Barbara Palombelli (Photo: getty)
Barbara Palombelli (Photo: getty)

Il punto non è più che cosa abbia detto in tv Barbara Palombelli. Il punto è - come ha ben chiarito Massimo Adinolfi ieri su HuffPost - se abbia senso provare a entrare nella testa di chi commette violenza sulle donne. Da questa domanda, che interroga in maniera diversa la giustizia, la politica e il giornalismo, dobbiamo partire per capire che cosa stia accadendo nel discorso pubblico. Perché il biasimo levatosi da ogni dove contro la conduttrice di Forum racconta un fenomeno, cioè una diffusa tentazione di ridurre la lotta al femminicidio alla condanna penale e alla censura morale. È, icasticamente, un “non sentire ragioni”. Ma, come molti fenomeni sociali, ha dentro di sé un’ambivalenza: è insieme effetto dell’emergenza e di un’acquisita consapevolezza. Francesco Merlo su Repubblica lo spiega così: “La parola femminicidio implicitamente condanna le vecchie parole che sono consumate: amore criminale, delitto passionale, follia assassina, violenza in famiglia, resa dei conti. E con quelle parole archivia pure la vulgata psicanalitica e il facile sociologismo, al quale ha fatto riferimento Barbara Palombelli: la rabbia cieca, la povertà delle famiglie, l’istinto immediato della vigliaccheria, l’onore, la gelosia, il possesso, il tradimento, l’adulterio che, ben prima del femminicidio, esprimevano già la disputa maschile sul corpo della donna”.
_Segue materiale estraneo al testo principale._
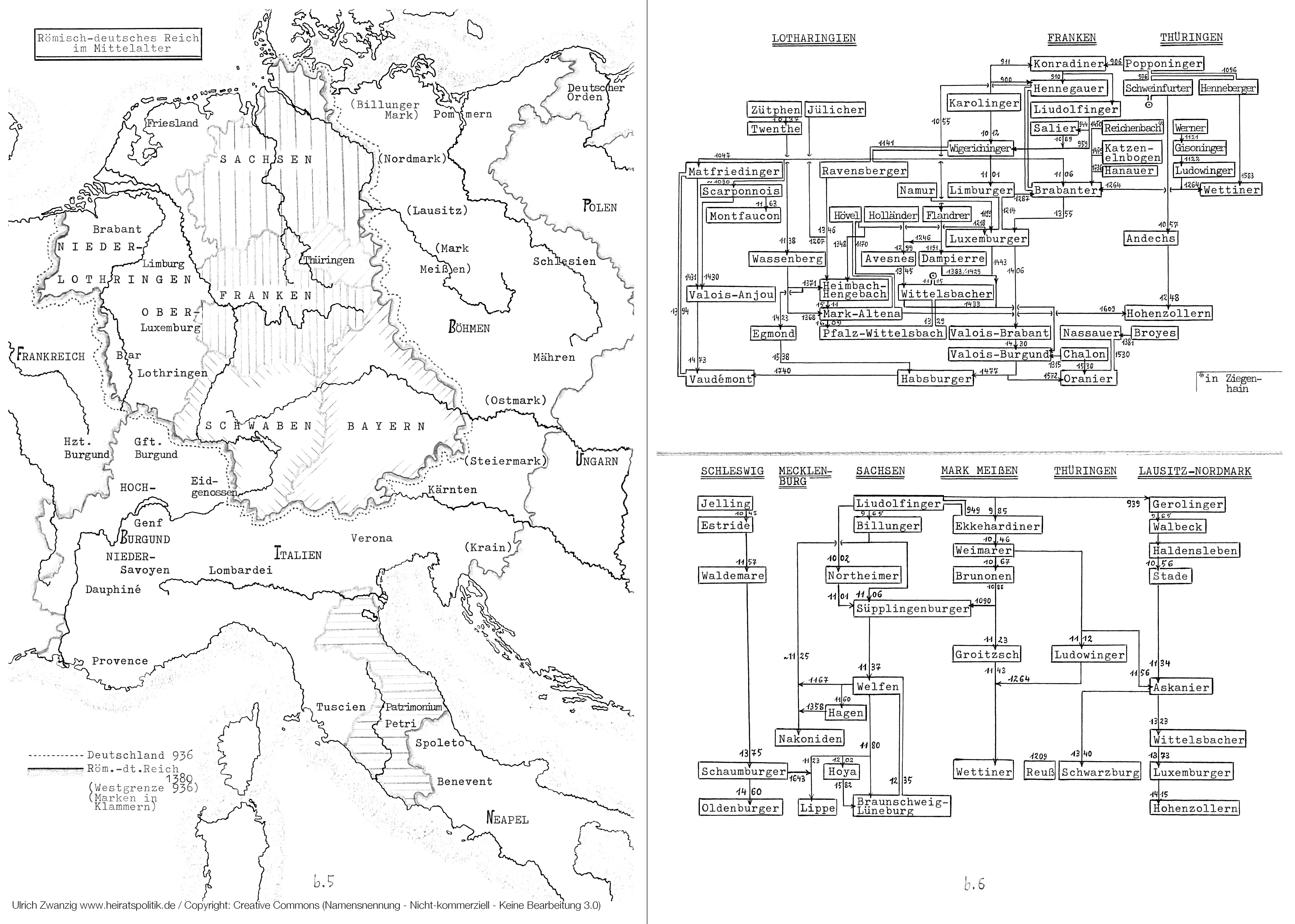 Die Darstellung b.6 bezweckt zweierlei: Erstens faßt sie Angaben zusammen, die in den Kapiteln über die einzelnen 18 Territorialdynastien gemacht worden sind, und zwar: zu den Lothringern, Mark-Altena, Wittelsbachern, Brabantern, Luxemburgern, Wettinern und Nassauern in b.6 oben; zu den Schaumburgern, Oldenburgern, Mecklenburgern, Welfen und Askaniern in b.6 unten.

Non ha torto Merlo, perché ogni violenza socialmente egemone, come quella del maschio sulla femmina, tende ad autolegittimarsi con una retorica giustificatrice. La storia del delitto d’onore lo insegna. Però il rischio è che, facendo giustamente piazza pulita di sociologismi e psicanalisi a buon mercato, la società si vada anche convincendo che entrare nella testa dell’assassino, spaccare il guscio del male per capire cosa c’è dentro, sia diventato inutile. Di più, irriguardoso per le vittime. Perché questo sta accadendo.

È un processo che ha due conseguenze. La prima è la rinuncia a comprendere che la violenza non è altro da noi. Di là i mostri, di qua bravi mariti e mogli, compagni e compagne, amanti. Divisi da un muro invalicabile, che è anche uno schermo per non vedere e non sentire. Non è un caso che, di questi tempi, il rimedio suggerito contro la violenza sia uno stato permanente di vigile attenzione che ne individui gli indizi premonitori. È quello che fa dire in tv a sedicenti esperte di femminicidi: denunciateli al primo schiaffo, al primo segnale di una possessività irragionevole.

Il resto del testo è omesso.